> **WHAT IS EXPECTED**: Repeat the following data exactly, omitting pictures.

> **DATASET SECTION**:
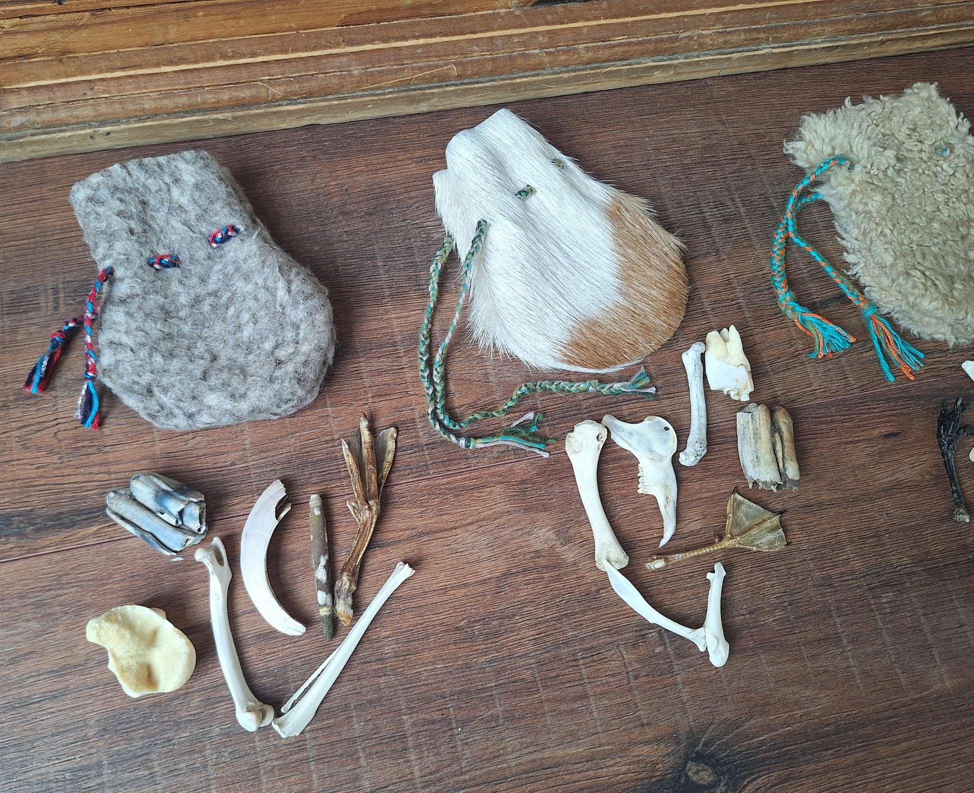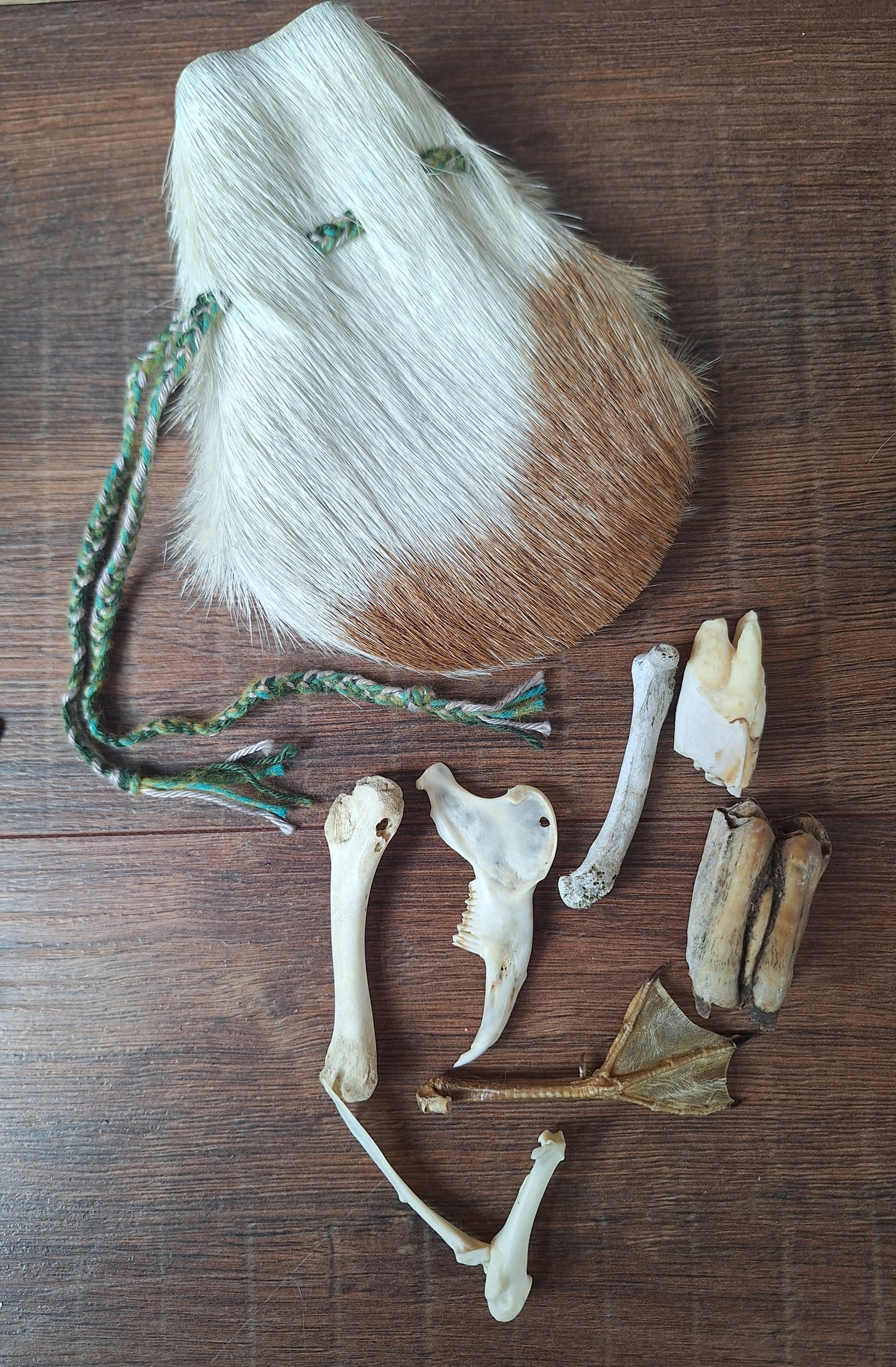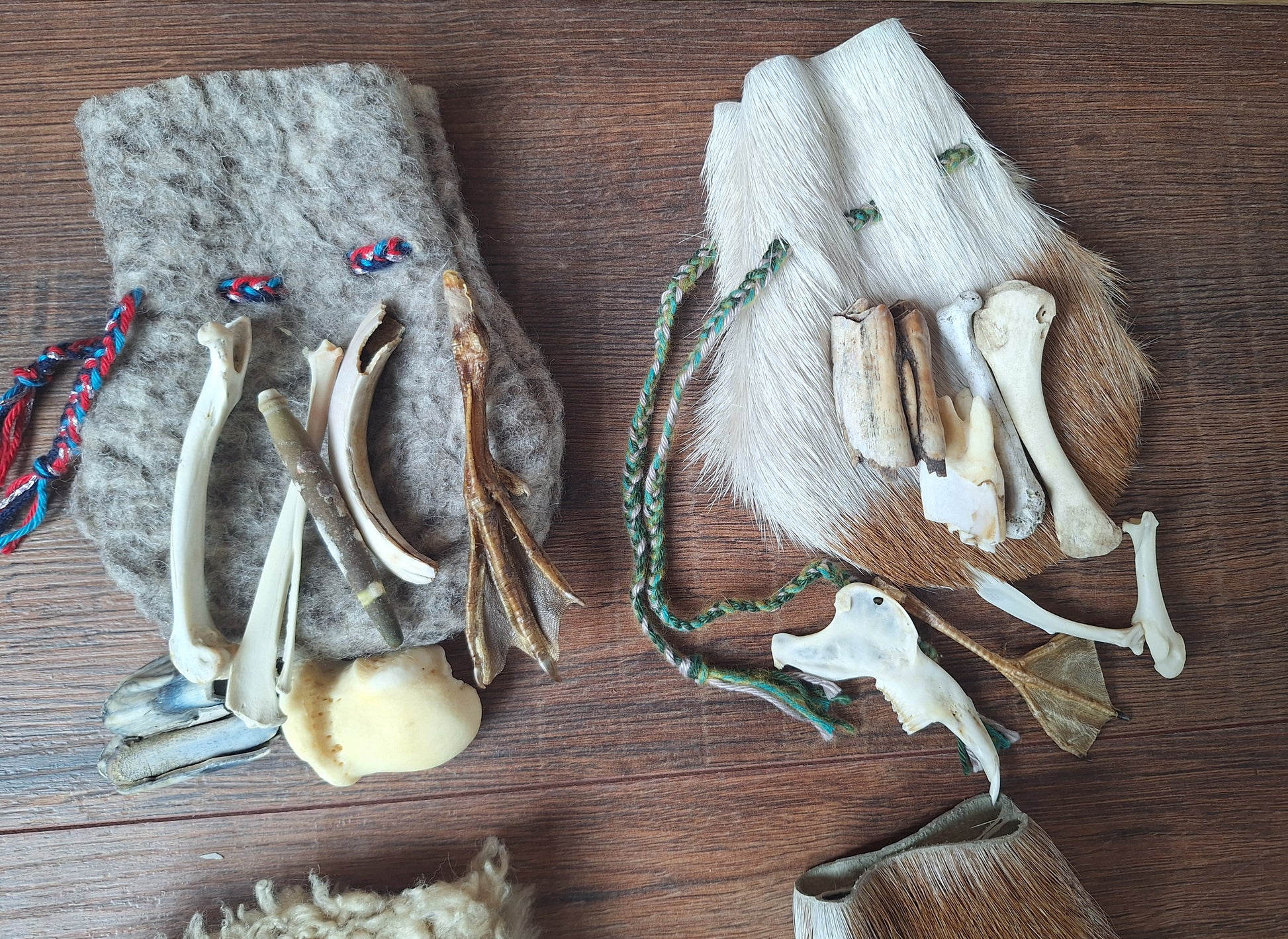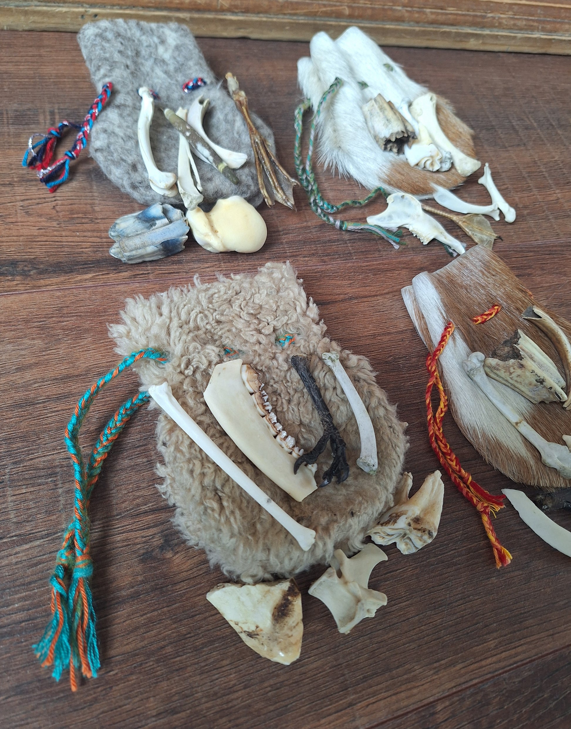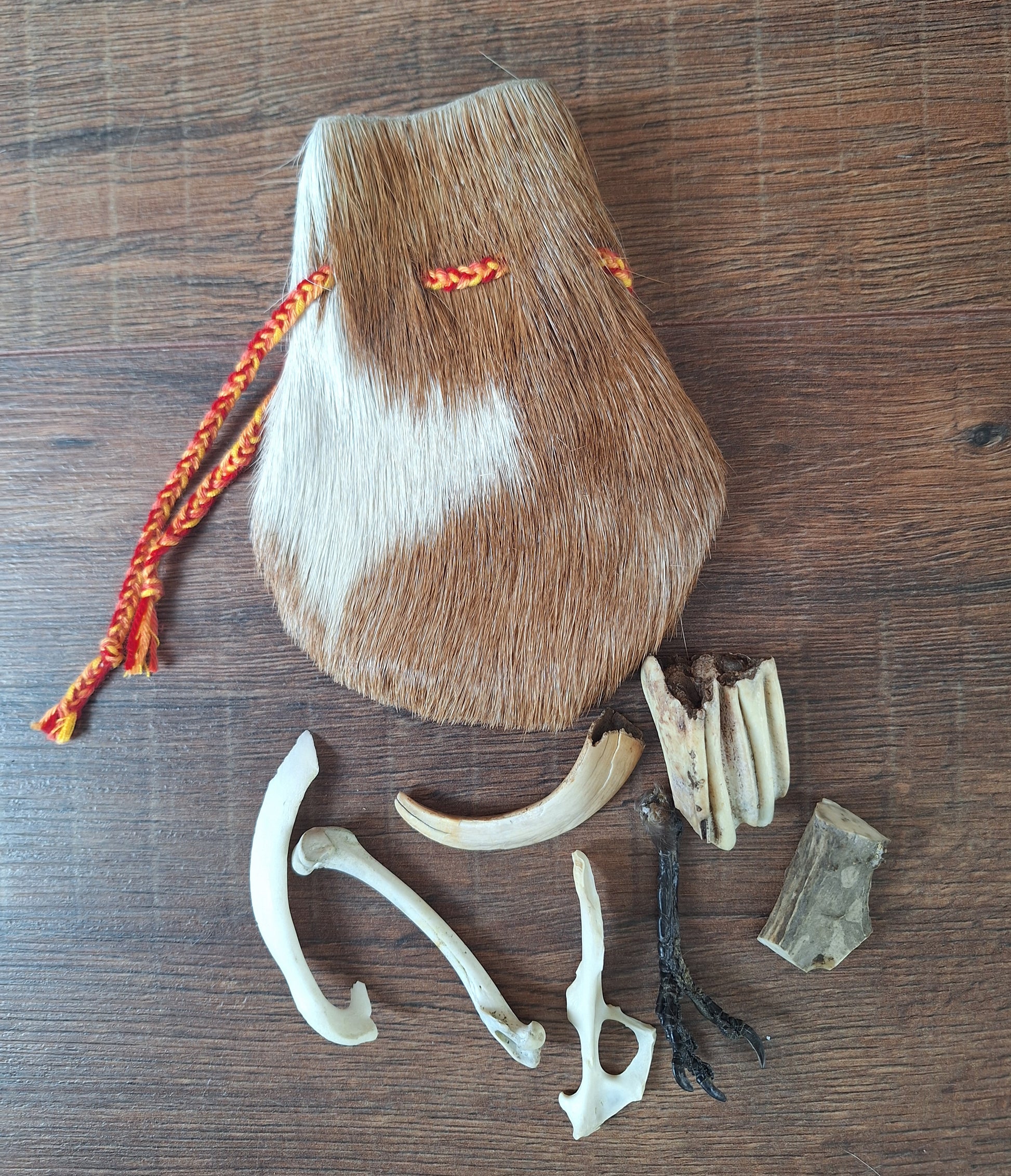 The oracle sets are all unique. They come in different sizes, with different natural items and in different pouches. The pouches have all been hand-sewn from scrap materials, such as left-over pieces of fur, hide or wool. The bones, teeth and other animal parts used in them, are often B-quality; they can be a bit damaged, discolored or broken. Using these ‘not perfect’ materials and items in these sets, serves a double function. On the one hand this is because of a deep respect for the natural world; using items that otherwise would maybe be thrown away. And on the other hand, we can offer you these sets now for a reasonable low price, a nice way to try out if this kind of divination works for you.
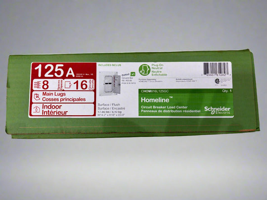 Schneider Electric Homeline™ Main Lug Load Center, 1-Phase, 120/240 VAC, 125 A, 50/60 Hz, 10 kA Interrupt, 8 Circuits, 3-Wire Wiring Configuration,, 6 to 2/0 AWG Al/Cu Wire, Wall Mount, NEMA 1, 6 Enclosure Box, Sheet...Regular price $125.00
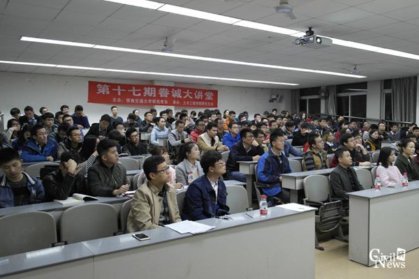 2016年11月13日晚19:30,由诸侯快讯ok1133.com校团委、诸侯快讯ok1133.com研究生会主办,诸侯快讯ok1133.com研究生分会承办的第十七期眷诚大讲堂在九里堤校区逸夫馆4209教室拉开序幕。讲堂内人头攒动、座无虚席,同学们静静地等待着今天的主讲人王帅帅及徐晨师兄登台。
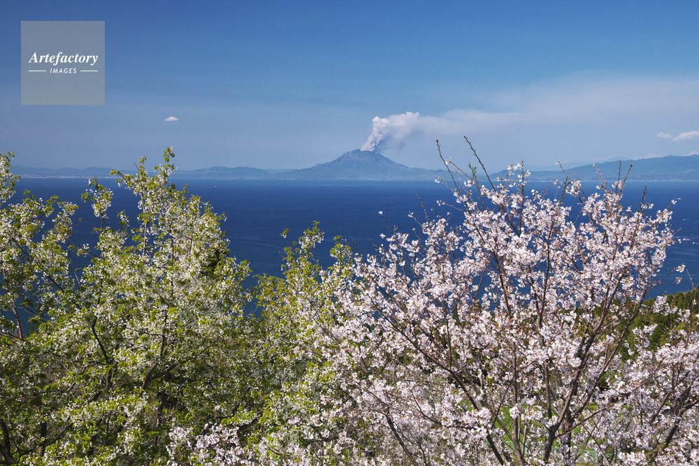 | 作品タイトル | 魚見岳自然公園の桜と桜島の噴煙 | モデルリリース | なし | |

> **YOUR SOLUTION**:
 The oracle sets are all unique. They come in different sizes, with different natural items and in different pouches. The pouches have all been hand-sewn from scrap materials, such as left-over pieces of fur, hide or wool. The bones, teeth and other animal parts used in them, are often B-quality; they can be a bit damaged, discolored or broken. Using these ‘not perfect’ materials and items in these sets, serves a double function. On the one hand this is because of a deep respect for the natural world; using items that otherwise would maybe be thrown away. And on the other hand, we can offer you these sets now for a reasonable low price, a nice way to try out if this kind of divination works for you.
 Schneider Electric Homeline™ Main Lug Load Center, 1-Phase, 120/240 VAC, 125 A, 50/60 Hz, 10 kA Interrupt, 8 Circuits, 3-Wire Wiring Configuration,, 6 to 2/0 AWG Al/Cu Wire, Wall Mount, NEMA 1, 6 Enclosure Box, Sheet...Regular price $125.00
 2016年11月13日晚19:30,由诸侯快讯ok1133.com校团委、诸侯快讯ok1133.com研究生会主办,诸侯快讯ok1133.com研究生分会承办的第十七期眷诚大讲堂在九里堤校区逸夫馆4209教室拉开序幕。讲堂内人头攒动、座无虚席,同学们静静地等待着今天的主讲人王帅帅及徐晨师兄登台。
 | 作品タイトル | 魚見岳自然公園の桜と桜島の噴煙 | モデルリリース | なし | |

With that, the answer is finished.